Ein Lieferversprechen ist die Zusage eines Einzelhändlers, eine Bestellung bis zu einem bestimmten Datum auszuführen. Es ist ein starker Konvertierungshebel, der E-Commerce-Unternehmen zur Verfügung steht. Käufer/innen mit zeitkritischen Bedürfnissen, Fristen für Geschenke oder einer einfachen Risikoaversion möchten oft wissen, wann ihre Bestellungen eintreffen, bevor sie sich zum Kauf verpflichten. Tatsächlich geben 21 % der Online-Käufer/innen in den USA an, dass sie einen Warenkorb abbrechen, weil die Lieferung zu langsam war.
Im Folgenden untersuchen wir, was ein glaubwürdiges Lieferversprechen von einer Versandschätzung unterscheidet, welche Prozesse Unternehmen benötigen, um ein Versprechen einzuhalten, und wie das Erlebnis beim Bezahlvorgang das Versprechen verstärken kann.
Das Wichtigste auf einen Blick
Die Anzeige eines bestimmten Lieferdatums auf der Produktseite kann die Unsicherheit beseitigen, die dazu führt, dass Käufer/innen einen Kauf verzögern oder abbrechen.
Ein Lieferversprechen ist nur so glaubwürdig wie die dahinter stehenden Bestands-, Zusteller- und Annahmefristdaten. Ein ungenaues Versprechen kann mehr Schaden anrichten als überhaupt kein Versprechen.
Die konsequente Einhaltung des Lieferversprechens Ihres Unternehmens trägt dazu bei, einen Ruf für Zuverlässigkeit aufzubauen. Das kann die Bewertungen beeinflussen, die neue Käufer/innen lesen, bevor sie kaufen.
Was ist ein Lieferversprechen im E-Commerce?
Ein Lieferversprechen ist die Zusage eines Unternehmens gegenüber einem oder einer Käufer/in, dass eine Bestellung bis zu einem bestimmten Datum oder innerhalb eines definierten Zeitfensters eintrifft. Spezifität ist wichtig. Die Angabe, dass ein Produkt „bis zum 26. Juni eintrifft“, ist beispielsweise ein Lieferversprechen, aber die Angabe „wird in 3 bis 5 Werktagen versandt“ nicht.
Warum fördert Liefersicherheit Konvertierungen?
Käufer/innen brechen Käufe aus vielen Gründen ab, und Unsicherheit ist einer davon.

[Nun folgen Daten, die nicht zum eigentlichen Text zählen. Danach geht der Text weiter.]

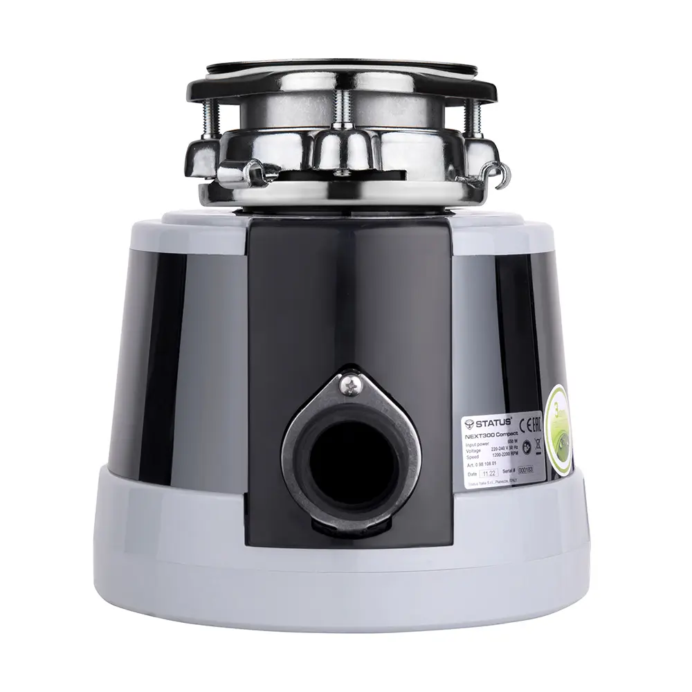 Status NEXT 300 Compact – новий компактний подрібнювач харчових відходів. Застосована комбінація з інноваційного безщіткового BLDC двигуна і виносного блоку управління дозволило знизити висоту прибору до 23 см без втрати продуктивності подрібнення та знизити навантаження на мийку .

Jemand, der ein Geburtstagsgeschenk kauft, muss wissen, ob es vor der Party ankommt; jemand, der ein Ersatzteil für ein kaputtes Haushaltsgerät bestellt, berechnet, ob es sich lohnt, auf die Lieferung zu warten, oder ob er/sie in ein Geschäft gehen sollte.
Wenn auf Ihrer Produktseite die Meldung „Lieferung bis Mittwoch“ und bei der Konkurrenz „Versandfertig in der Regel in 2 bis 4 Werktagen“ steht, haben Sie der Kundschaft möglicherweise den Grund für einen Preisvergleich abgenommen, bevor sie überhaupt zum Preis kommt.
Wie wirkt sich ein Lieferversprechen auf das Verhalten im Warenkorb und beim Bezahlvorgang aus?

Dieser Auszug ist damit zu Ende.